Last week, we discussed various types of popular retirement accounts. This week, we tackle more as a way for you to compare and contrast what’s out there and how each plan could potentially make your golden years comfortable and enjoyable. Here are three more popular types of retirement accounts for you to consider.
401(k), 403(b), TSP
These examples of employer-offered retirement savings accounts are the accounts most people are already familiar with. These are called “defined contribution plans,” and they are primarily funded by you. Most employers allow you to withhold some of your paycheck and stash it away in one of these accounts, and many employers offer to match some of the savings. These accounts provide for investment options that you choose, with the idea of growing the account beyond what has been put into it.

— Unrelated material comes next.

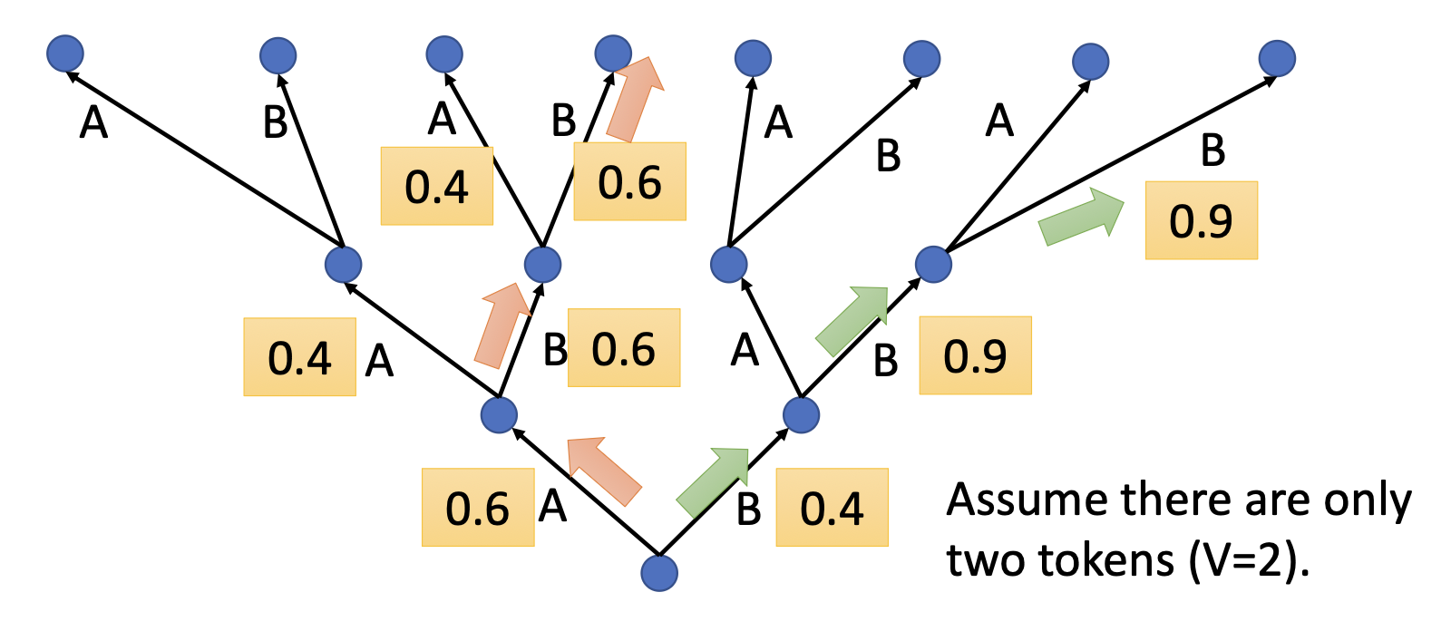 要想找到最好的路径,最简单的做法是暴力搜索,把所有可能的路径遍历一遍。但路径树是可能输出数的指数,所以可能的输出数很多的时候,路径数就会变得特别大,显然是无法全部遍历一遍的。这时就要采用一种称为束搜索(beam search) 的近似算法,寻找近似解。一件有趣的事是,该算法有时得到不错的结果,有时结果会很烂。

If you leave your job, you can roll over your account contributions into a new 401(k) or 403(b), or you can roll them over into an IRA. In some cases, the employer match must be “vested” over time and may be lost if the time period is not met. What’s the difference between these types of accounts? 401(k)s are usually offered by for-profit companies, while most nonprofit companies use a 403(b), including schools, hospitals, and some governments. Some employers are also offering a Roth 401(k) option, which provides for deferral of after-tax salary and grows tax-free. The TSP (Thrift Savings Plan) is offered by the federal government to its employees, including the military. 2016 contributions allowed are $18,000 ($24,000 over age 50).